Lazos que unen vidas
lazos que dan amor
Son estos lazos siempre
los que nos darán la unión.

Lazos, Cómplices.

Cadenas.

Esta presente pero no lo está, ido como un verano demasiado corto. Acaricia su cabello suavemente, y se siente tan frágil que durante un momento teme quebrarlo.

¿Y dónde de sus ojos profundos, de sus suaves sonrisas, de esa alegría tan especial? ¿Dónde de su suave aliento y de sus palabras honestas y de su amistad?

No está. Y darse cuenta de esto asusta al santo de Andrómeda más de lo que debería admitir, porque viéndolo así Hyoga parece....

Muerto.

No, no puede dejar que eso sea verdad. Se niega a aceptar eso como verdad. No puede estar muerto, porque no sabe lo que haría si no vuelve a ver sus ojos celestes, si no vuelve a escuchar su voz: está bastante seguro de que si deja de escuchar esos relatos durante las noches de insomnio en que el rubio le decía de la aureola boreal en los cielos del norte, donde se pueden ver a los espíritus de aquellos inocentes que murieron jugando, y donde es un arco iris nocturno que danzan ante tus ojos, se volverá loco.

Fue él quien lo ayudó cuando Ikki murió por primera vez. Hyoga y su fría calidez, ofreciéndole dulces y llevándolo de paseos por los jardines de la fundación. Hyoga compartiéndole dos o tres recuerdos de su madre, recuerdos de su vida antes de que fuera a ser un caballero. Recuerdos de lo que había sido antes de ser huérfano.

Y ahora era su turno para ayudarle. Se lo debía, por las noches frías en las que, aunque para Hyoga no eran nada, al verlo con frío, le pasaba una cobija por los hombros y tomaban juntos chocolate caliente. Por las risas, esas risas compartidas que empezaban de la nada y se prolongaban hasta ser un dolor de estómago y  una sonrisa secreta. Por los sueños de un futuro mejor. Por las promesas de Hyoga de enseñarle a patinar.
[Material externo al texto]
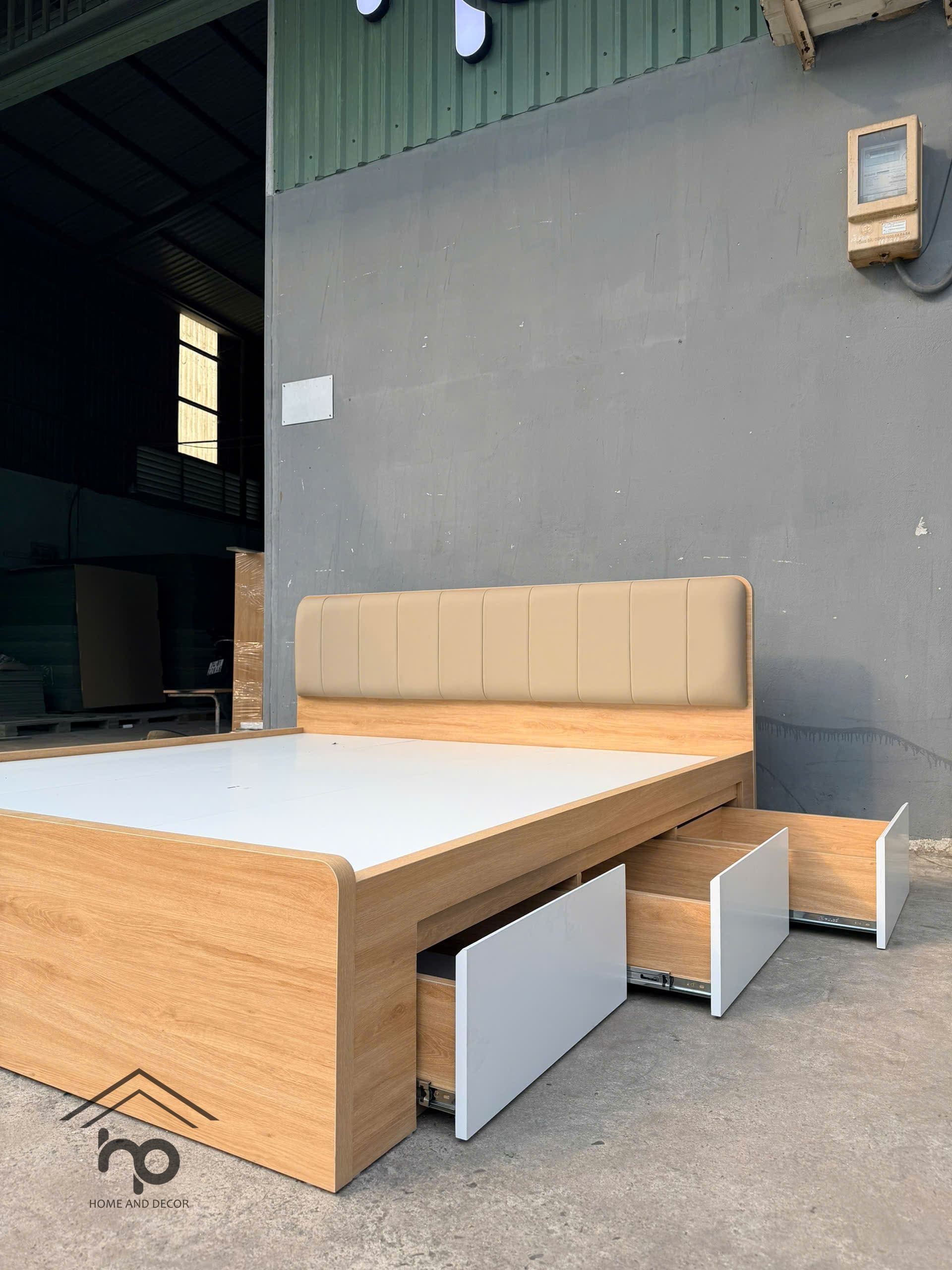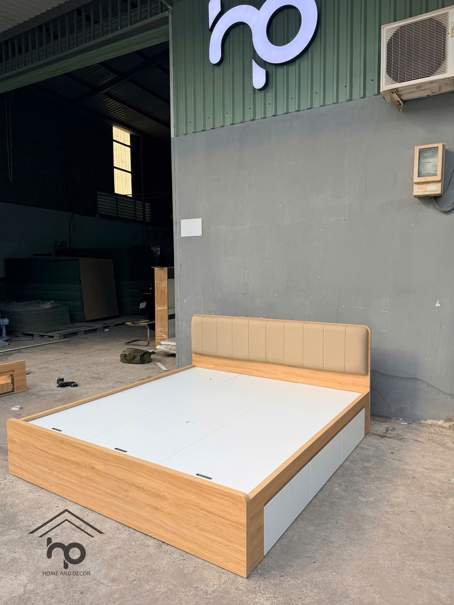 Giường bệt MDF 1m8x2m màu sồi 388, 3 ngăn kéo, đầu giường bọc nệm da kem dày 8cm, vạt 18mm chắc chắn, thiết kế hiện đại, tiện nghi.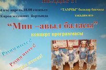 4 апрель көнне авыл мәдәният йортында "Тамчы" балалар бакчасы балалары, аның коллективы авыл халкына "Мин бит авыл баласы" дип исемләнгән концерт тәкъдим итте. Мәктәпнең киләчәге булган бу балалар бу көнне биеде, җырлары, шигырь сөйләде. Һәр ата-ана балаларга сокланып карап утырды, алар белән ял итте.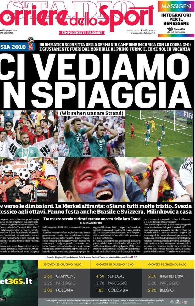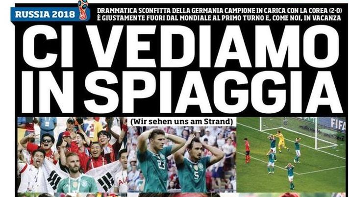 Prima pagina del Corriere dello Sport dedicata alla clamorosa eliminazione al primo turno della Germania dopo la sconfitta arrivata contro la Corea del Sud. "Ci vediamo in spiaggia. Drammatica sconfitta della Germania campione in carica con la Corea (2-0). È giustamente fuori dal Mondiale al primo turno e, come noi, in vacanza".

Se inclinó sobre él con cuidado. De niño le había sorprendido su cabello dorado, sus ojos tan claros y tan cristalinos. Todos tenían coloraciones oscuras, hasta Jabu... pero él parecía alguno de esos ángeles en las fotografías que su madre le hubiese mostrado alguna vez, en sus libros. Y, aparte de Ikki, era el que le había dicho a los demás que no lo molestaran.

Era un cariño profundo el que los unía: cadenas, su símbolo, como las que tenía con Shiryu, con Seiya, incluso con Ikki. Sus cadenas se extendían aun más allá de la muerte, pero él podía traerlas.

Quizá no a Ikki, pero sí a Hyoga, porque sus cadenas estaban aun más sujetas dentro de él, las sentía aun más.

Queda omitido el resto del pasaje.